Objectives Because radiofrequency catheter ablation of macro-reentrant atrial tachycardia (AT) following cardiac surgery of structural heart disease had a low successful rate and a high recurrence, we aimed to explore a successful method to solve this problem. This study was to investigate the electrophysiological mechanisms and radiofrequency catheter ablation of macro-reentrant atrial tachycardia (AT) following cardiac surgery of structural heart disease, and to test the success rate by using CARTO electroanatomic mapping.

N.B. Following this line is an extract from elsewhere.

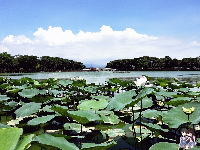 碧綠的湖水、蔚藍的天空與綠葉上的一抹粉紅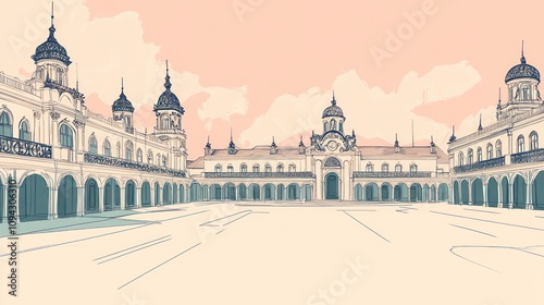 © Trionorejo, Obraz premium A digital illustration of an ornate architectural courtyard with domes and decorative elements.

Methods A total of 20 patients (16 men, aged 35 ± 13.5 years) in Shenyang Northern Hospital were studied. After determining the mechanism of macro-reentrant AT, the electroanatomic structures of the right or/and left atria during AT were constructed by using CARTO electroanatomic mapping system. To combine the results of entrainment mapping, the possible reentrant circuits of AT were analysed and the ablation lines were defined. The saline irrigated radiofrequency ablation catheter was used for ablation in all the 20 patients.
Results In the 20 patients, 16 patients had 1 form of AT and 4 patients had 2 forms. Twenty-four forms were all macro-reentrant AT confirmed by CARTO system electroanatomic mapping and entrainment. Among the 24 forms of AT, 18 forms were typical atrial flutter of the right atrium, 5 forms were incisional reentrant AT of the right atrium, and 1 form was macro-reentrant AT around the mitral annulus. Eighteen of the 20 patients had a successful ablation, including 17 of 18 forms of typical atrial flutter of the right atrium and 4 of 5 forms of incisional reentrant AT of the right atrium. During the follow-up of 12 months on the average, 17 patients with a successful ablation had no recurrence, and only 1 patient recurred as atrial fibrillation.
Conclusions CARTO three-dimensional mapping system guided catheter ablation of macro-reentrant atrial tachycardia following cardiac surgery in patients with structural heart disease had a high success rate and a low recurrence rate.